Thursday, December 07, 2006

Youth Ministry as the Incubator for the Emerging Church

Here's a provocative portion of Phil Johnson's post at the Pulpit Magazine blog yesterday:
I have friends who have suggested that the emerging church idea is the predictable fruit of churches that tailor their youth ministries to whatever style is currently fashionable, hold alternative church services for the youth in a separate building (”the youth building”) and never incorporate them into the actual life of the church itself. They’ve grown into adulthood while their styles and preferences were catered to in a special “church” service all their own. The actual church service was something they weren’t expected to like. Many of them were never really exposed to worship in the context of the actual church, with real adults. They were deliberately entertained instead, and thus they were conditioned to think that way. They grew old, but they never grew up, and now even as adults, they want to continue to play at church, but outside the mainstream of the historic church. (My friend characterized the emerging church worship style as “Church services for the ADHD generation.” Read the Christianity Today account of Emergent’s national convention and you will understand why he said that.)
So keep on building your youth ministry on the sand of entertainment and excitement if you must. Warm the kids up to worship with skits and games. Dream up grosser and more outlandish spectacles. Keep on denying that what you reach them with is what you reach them to.
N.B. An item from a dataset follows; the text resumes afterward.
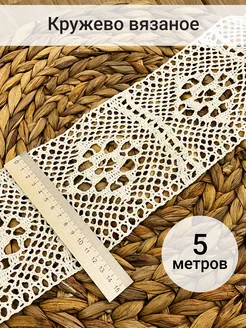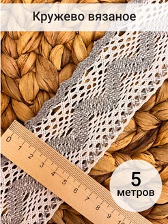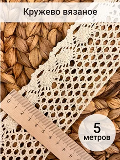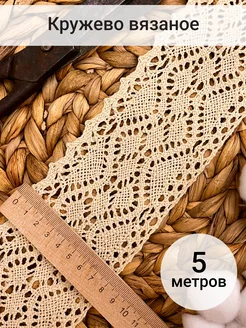 Кружево хлопок вязаное для шитья и рукоделия 75мм 5м бежевое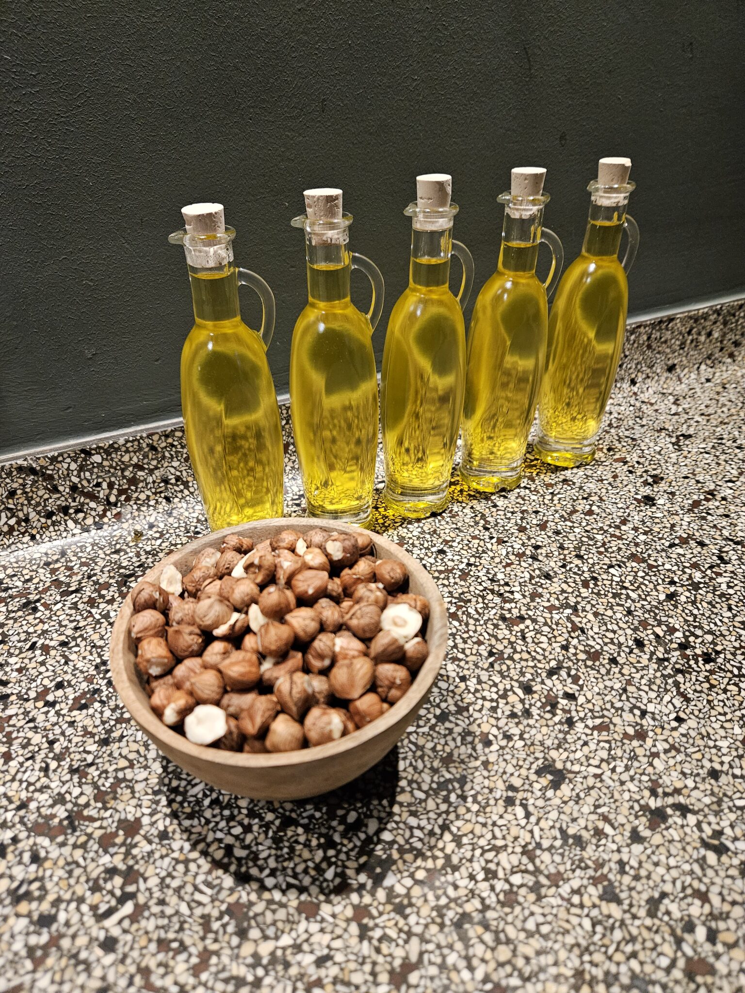 Maar ondanks dat we niet konden opschieten met de verbouwing hebben we ons eigen niet verveeld hoor. Rien heeft heel veel hazelnoten van eigen boom gekraakt en daar hebben we olie van geperst. Dat blijft een mooi werk. 5 flesjes bracht het op waar er inmiddels al 4 van verhuisd zijn. Het is echt lekker en je kunt het voor vele doeleinden gebruiken. Schijnt nog erg gezond te zijn ook als ik google moet geloven. Het is lekker door de sla, je maakt er een honing/mosterddressing van. Verhouding: 4 theelepels hazelnootolie- 1 theelepel mosterd- 1 theelepel honing. Een papje van roeren en door de sla mengen😋. Je kunt het als massageolie gebruiken of als je naar bed gaat je gezicht er lekker mee insmeren. Heb je de volgend dag een lekker zacht huidje. Ook goed voor ruwe plekken op je huid.

And maybe one day you'll have your own little heretical kingdom that rises from the ruins of the Emerging Church.

Just don't forget to use your sermons to scorn all the small-minded people who said this was a bad idea. (Ha! Silly me. Sermons are so first century.)

6 comments:

Chris Anderson said...

Wow. That makes so much sense. We teach young people that church isn't for them, then act surprised when they learn it.

Do you think children's church does the same (without assuming a worst case scenario of entertainment, puppets, games, etc.)?

Anonymous said...

for a short time i attended a church that had it's youth group meetings on fridays after school until 5pm. it didn't displace any church service. the actual services were very traditional; the youth meetings used all kinds of modern methods. a lot of the teens came to both.

Ben said...

Chris,

There are folks arguing against any age grading in the educational program of the church. I'm not one of them. I've observed children's church services that were more biblical and serious and theological than many of the adult services I've seen. And the kids weren't bored!

Unless you're going to have all newborns in every service, you're going to have some division of ages. I think my argument would be that the division should decrease as quickly as possible as age increases, and than any decision to divide should take into account all the unintended consequences.

How's that for a dodge?

Anonymous said...

Hum...interesting post, i think you make a lot of sense.

I think the U.K. picture is that some youth churches grow into all age churches as the young people grow, but most keep they young people until they leave for college - then if they fall away its not the home churches problem and they don't need to feel bad because it didn't happen on their watch

I also think the 'mainstream' church needs the energy of young people to keep it fresh, so we can't afford to let them go off all on their own. Something about being a body i think...

Chris Anderson said...

I agree, Ben. We do have children's church for children age 4 through grade 2. They dismiss just before the message, and they get a message aimed more intentionally at their level. Meanwhile, we have 3rd-6th graders in the service, taking notes during the morning message, earning points for our midweek program (which, I suppose, is another controversy).

At any rate, even later elementary students can get more out of sermons than many would expect. If they're expected to.

Anonymous said...

I agree with most on this thread. It is a problem that I have been worried about for many years. I would like to see more kids in the regular worship service. This may be a small point and I don't want to start a fire here, but I think some of the disconnect between the pulpit and the youth is the archaic version that many of our churches use.